Before solving the question, we should know that if p is the single discount of discount series of ${{x}_{1}},{{x}_{2}},......,{{x}_{n}}$., then $p=\left( 1-\prod\limits_{i=1}^{n}{\left( \dfrac{100-{{x}_{i}}}{100} \right)} \right)\times 100$.
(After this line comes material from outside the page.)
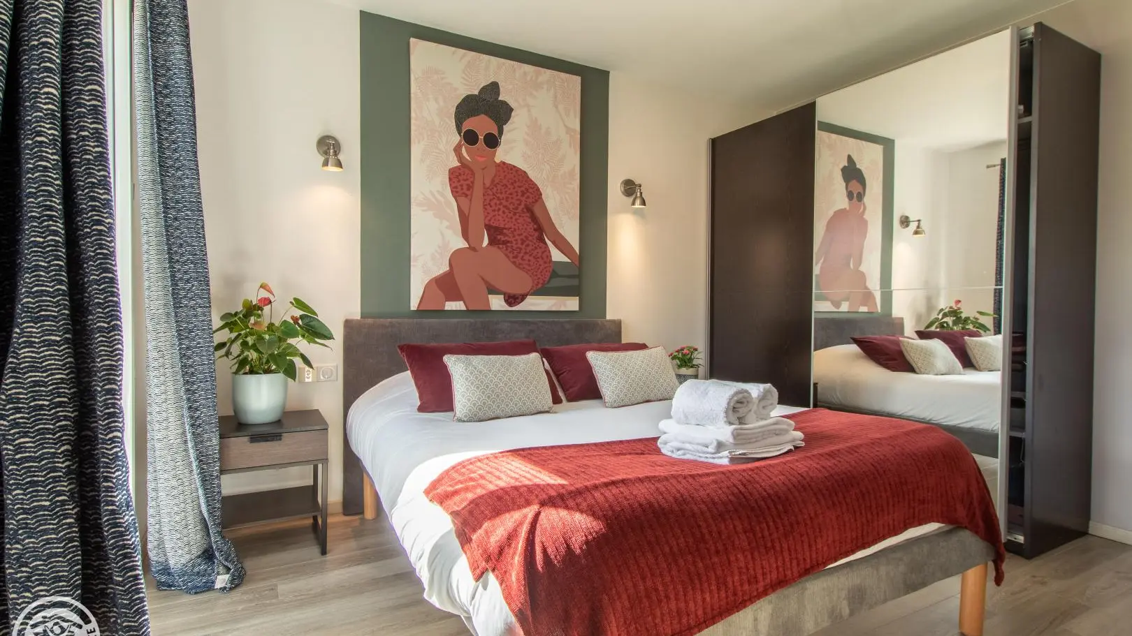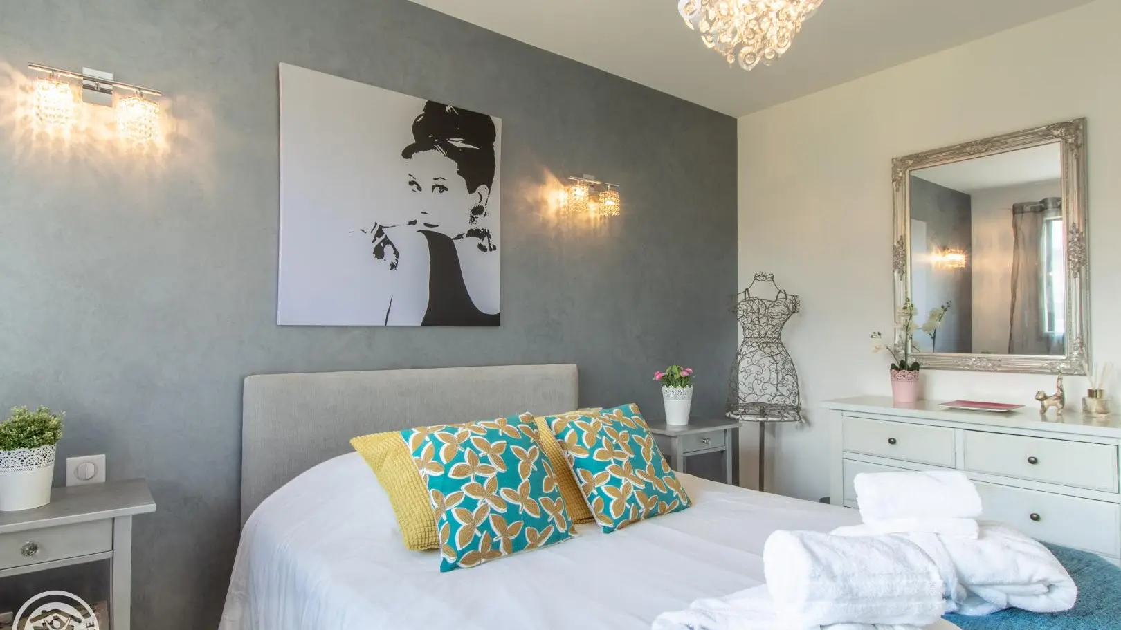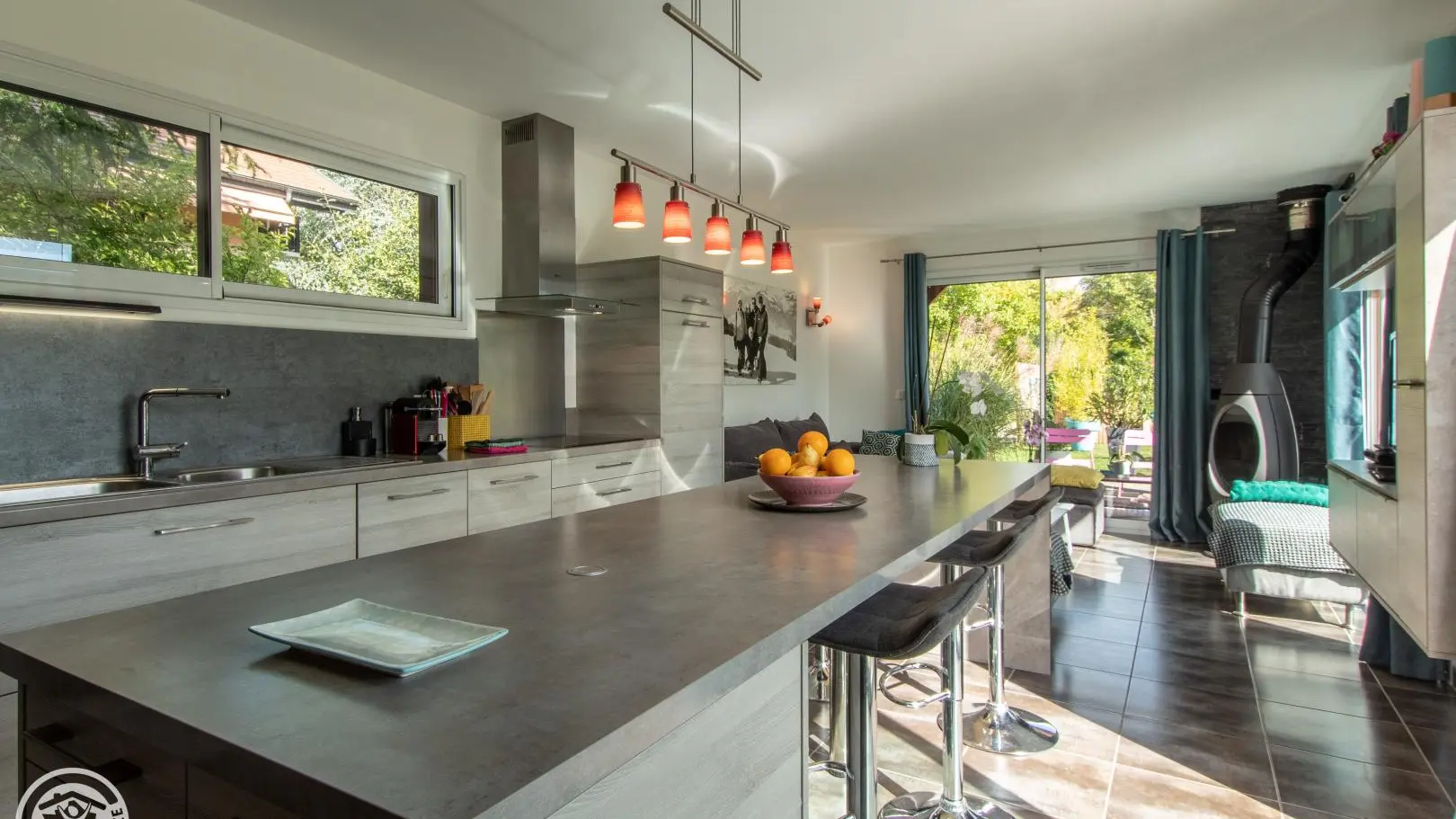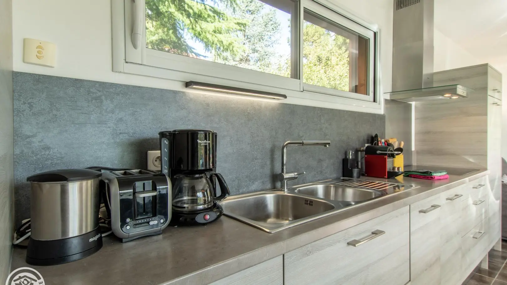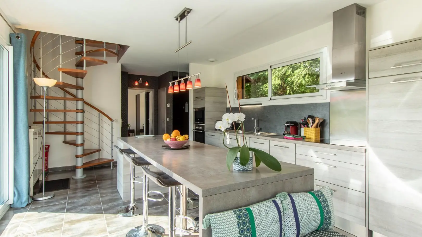 Gîte sur 2 niveaux dans une maison indépendante. Au rez-de-chaussée, ch1 (lit 160x200, accès terrasse sud, salle d'eau privative). WC indépendants. Vaste séjour comprenant une cuisine ouverte et table/ilot central, TV sur meuble et salon composé d'un canapé 2/3 places et banquettes. Poêle à bois (bois fournis) et accès terrasses sud et est. Escalier à colimaçons : accès ch2 (lit 160x200, balcon/terrasse est), ch3 (lit 140x190) et salle d'eau avec douche italienne + double vasque et WC.

From the question, it is clear that we have to find the discount series of $10\%$ and $20\%$.
We know that if p is the single discount of discount series of ${{x}_{1}},{{x}_{2}},......,{{x}_{n}}$., then$p=\left( 1-\prod\limits_{i=1}^{n}{\left( \dfrac{100-{{x}_{i}}}{100} \right)} \right)\times 100$.
\begin{align} & \Rightarrow p=\left( 1-\left( \dfrac{100-10}{100} \right)\left( \dfrac{100-20}{100} \right) \right)\times 100 \\ & \Rightarrow p=\left( 1-\left( \dfrac{90}{100} \right)\left( \dfrac{80}{100} \right) \right)\times 100 \\ & \Rightarrow p=\left( 1-\dfrac{72}{100} \right)\times 100 \\ & \Rightarrow p=\left( \dfrac{100-72}{100} \right)\times 100 \\ & \Rightarrow p=\left( \dfrac{28}{100} \right)\times 100 \\ & \Rightarrow p=28.....(1) \\ \end{align}
From equation (1), it is clear that the value of p is equal to 28. So, we can say that a single discount is equal to the discount series of $10\%$ and $20\%$ is $28\%$.
Note: Students may have a misconception that if p is the single discount of discount series of ${{x}_{1}},{{x}_{2}},......,{{x}_{n}}$., then $p=\left( \prod\limits_{i=1}^{n}{\left( \dfrac{100-{{x}_{i}}}{100} \right)} \right)\times 100$. If this misconception is followed, then we get
\begin{align} & \Rightarrow p=\left( \left( \dfrac{100-10}{100} \right)\left( \dfrac{100-20}{100} \right) \right)\times 100 \\ & \Rightarrow p=\left( \left( \dfrac{90}{100} \right)\left( \dfrac{80}{100} \right) \right)\times 100 \\ & \Rightarrow p=\left( \dfrac{72}{100} \right)\times 100 \\ & \Rightarrow p=72.....(1) \\ \end{align}
From equation (1), it is clear that the value of p is equal to 28. So, we can say that a single discount is equal to the discount series of $10\%$ and $20\%$ is $72\%$. But we know that the single discount is equal to $28\%$. So, this misconception should get avoided.